Berlin 2008 – scientific programme
Parts | Days | Selection | Search | Downloads | Help
BP: Fachverband Biologische Physik
BP 25: Protein Structure and Folding
BP 25.9: Talk
Thursday, February 28, 2008, 16:30–16:45, PC 203
Accurate sequence alignment statistics for different protein models — •Stefan Wolfsheimer1, Inke Herms2, Sven Rahmann3, and Alexander K Hartmann1 — 1Institut für Physik, Universität Oldenburg, Germany — 2AG Genominformatik/COMET, Technische Fakultät,Universität Bielefeld, Germany — 3Fachbereich Informatik, TU Dortmund, Germany
Searching for homologous sequences or identifying proteins are well studied fields in bioinformatics. For these purposes a large sequence database is searched with a query by sequence alignment algorithms. The Smith-Waterman algorithm is a famous representative of those. A meaningful interpretation of the score is given by a p-value, which states the probability of the score within a selected null model.

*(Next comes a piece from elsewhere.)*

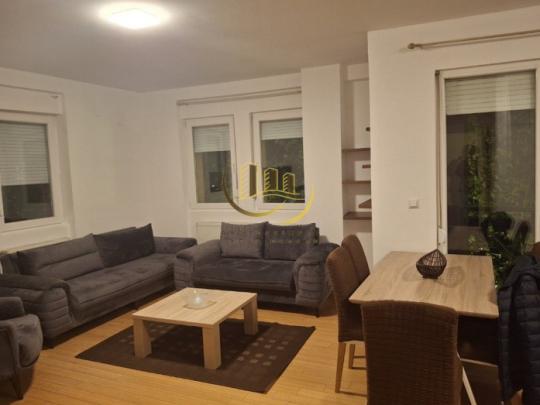 Në fillimin e rrugës Muharrem Fejza, me 97 m2, kati 2 me lift, me sistem të ngrohjes qendrore me termokos, me kushte shumë të mira banimi është e mobiluar në tërësi, si dhe ka këtë renditje:

Exact results are only known for gapless alignment of infinitely long uncorrelated protein models, where the amino acids are independent and identically distributed (i.i.d.). For this case a Gumbel distribution is expected. It turned out that real proteins do not fulfill these restrictions: first they are finite and secondly the i.i.d. assumption might not be the best description. Therefore we study more complex systems which incorporate information from secondary structure annotation to obtain a more plausible null model.
By generalized ensemble Monte Carlo simulations we obtain the score distributions down to very small probabilities (p ∼ 10−100 ). We find strong deviations from the expected form in the rare-event tail. Our results indicate that p-values are overestimated in the high scoring regime, when assuming a Gumbel extrapolation.